• Work to be completed: Leave out the pictures and output exactly the lines below from the one with "De prent flirt" down to the one with "ভারতীয় সীমান্তের দিকে", both of them included.

• Extracted material:
----

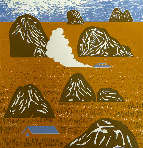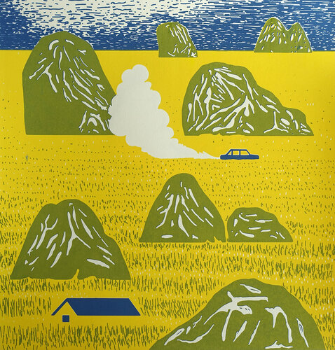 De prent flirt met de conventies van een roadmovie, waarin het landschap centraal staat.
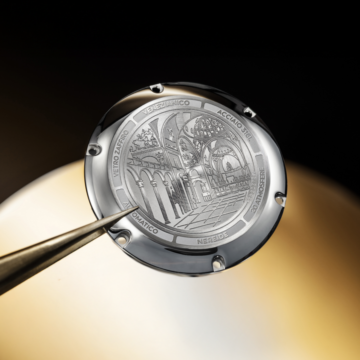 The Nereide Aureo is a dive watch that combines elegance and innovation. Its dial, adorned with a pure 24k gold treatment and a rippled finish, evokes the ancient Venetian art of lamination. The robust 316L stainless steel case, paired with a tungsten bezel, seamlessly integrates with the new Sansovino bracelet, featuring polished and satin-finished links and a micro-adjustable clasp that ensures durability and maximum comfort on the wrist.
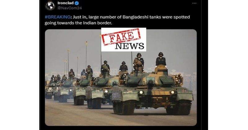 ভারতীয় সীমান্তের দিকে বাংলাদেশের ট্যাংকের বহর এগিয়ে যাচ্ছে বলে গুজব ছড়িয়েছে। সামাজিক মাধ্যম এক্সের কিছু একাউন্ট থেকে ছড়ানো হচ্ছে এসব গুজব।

----

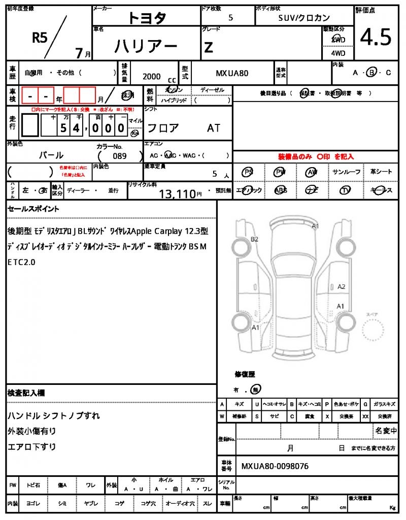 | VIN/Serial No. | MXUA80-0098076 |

----

• Answer box:
 De prent flirt met de conventies van een roadmovie, waarin het landschap centraal staat.
 The Nereide Aureo is a dive watch that combines elegance and innovation. Its dial, adorned with a pure 24k gold treatment and a rippled finish, evokes the ancient Venetian art of lamination. The robust 316L stainless steel case, paired with a tungsten bezel, seamlessly integrates with the new Sansovino bracelet, featuring polished and satin-finished links and a micro-adjustable clasp that ensures durability and maximum comfort on the wrist.
 ভারতীয় সীমান্তের দিকে বাংলাদেশের ট্যাংকের বহর এগিয়ে যাচ্ছে বলে গুজব ছড়িয়েছে। সামাজিক মাধ্যম এক্সের কিছু একাউন্ট থেকে ছড়ানো হচ্ছে এসব গুজব।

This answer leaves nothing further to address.